О психологической прозе. О литературном герое (сборник) - Лидия Гинзбург
Шрифт:
Интервал:
Закладка:
Наряду с познанием человека философией, историографией, искусством эпохи осуществляется житейское моделирование в виде непрестанной ориентации на те или иные типологические категории личности (их не отменяют, а лишь видоизменяют ее исторические определения) или на формы поведения, предписанные и самыми общими социальными отношениями, и моментальными ситуациями. Общение возможно только на основе каких-то представлений о встретившемся нам человеке; нам нужно его узнать, и мы спешим закрепить преобладающее впечатление в словах, уже тем самым его обобщая. Практическая и вместе с тем эстетическая потребность побуждает подыскивать формулу, типологическую модель, образуемую по разным признакам. О человеке говорят: «это сангвиник» или «это меланхолик»; «это типичный бюрократ»; «это рефлектирующая личность»; «это Хлестаков» или «Дон-Кихот» и проч.
Незнакомого человека порой обозначают чертой одежды, наружности (борода, шляпа, очкарь). В старом сословном обществе признаки социальной принадлежности были наглядны и легко обобщались одним словом: мужик, купец, мастеровой, барыня, чиновник. Формулы узнавания располагаются на разных ступенях – от простейших, самых суммарных определений до сложной социальной и психологической дифференциации. В быту на равных правах существуют типологические формулы, принадлежащие разным сферам – биологической, социальной, психологической, – иногда уже оформленные литературой.

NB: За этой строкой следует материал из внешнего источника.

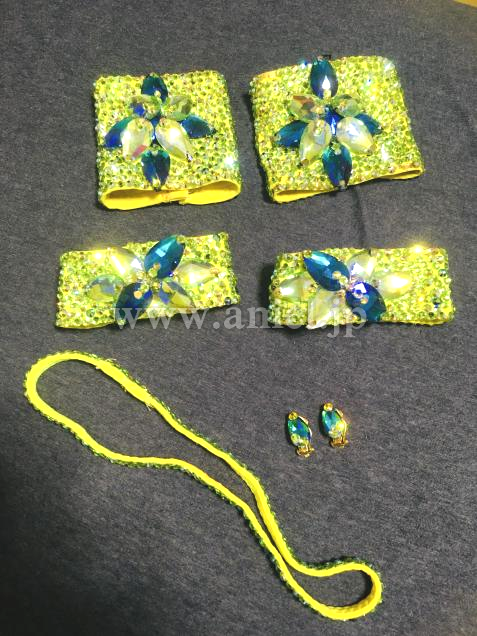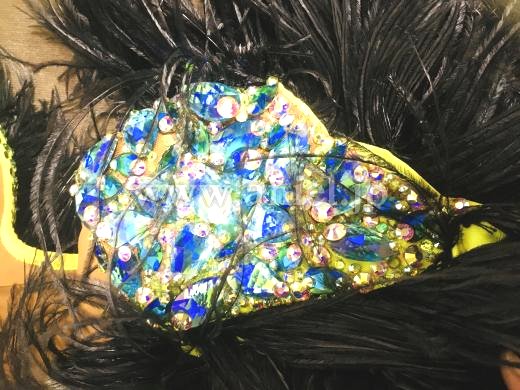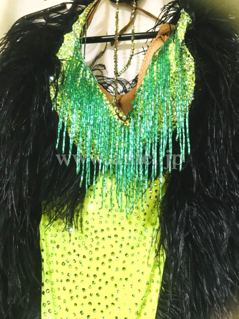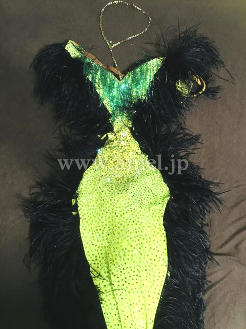 レモンイエローのボディと黒の羽で縁取ったゴージャスなドレスです。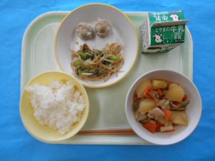 今日のメニューは、ごはん、ぎゅうにゅう、にくシューマイ、こうみあえ、ちくぜんだきです。ちくぜんだきには、たけのこやほししいたけなどいろいろなやさいがにこまれており、おいしくいただきました。

Без этих формул единичный образ аморфен, он распадается, он не имеет названия. Практически любые психологические типы предстают в своем конкретном социально-историческом воплощении; типологические каркасы бывают скрыты под очень сложными наслоениями, но они все же прощупываются (то же и в литературном характере, самом далеком от прямолинейной типизации). Отсутствие типологической формулы – не всегда признак самобытности человека, часто это признак аморфности. Люди замечательных дарований несут в себе мощный заряд всеобщего, социально и исторически характерного.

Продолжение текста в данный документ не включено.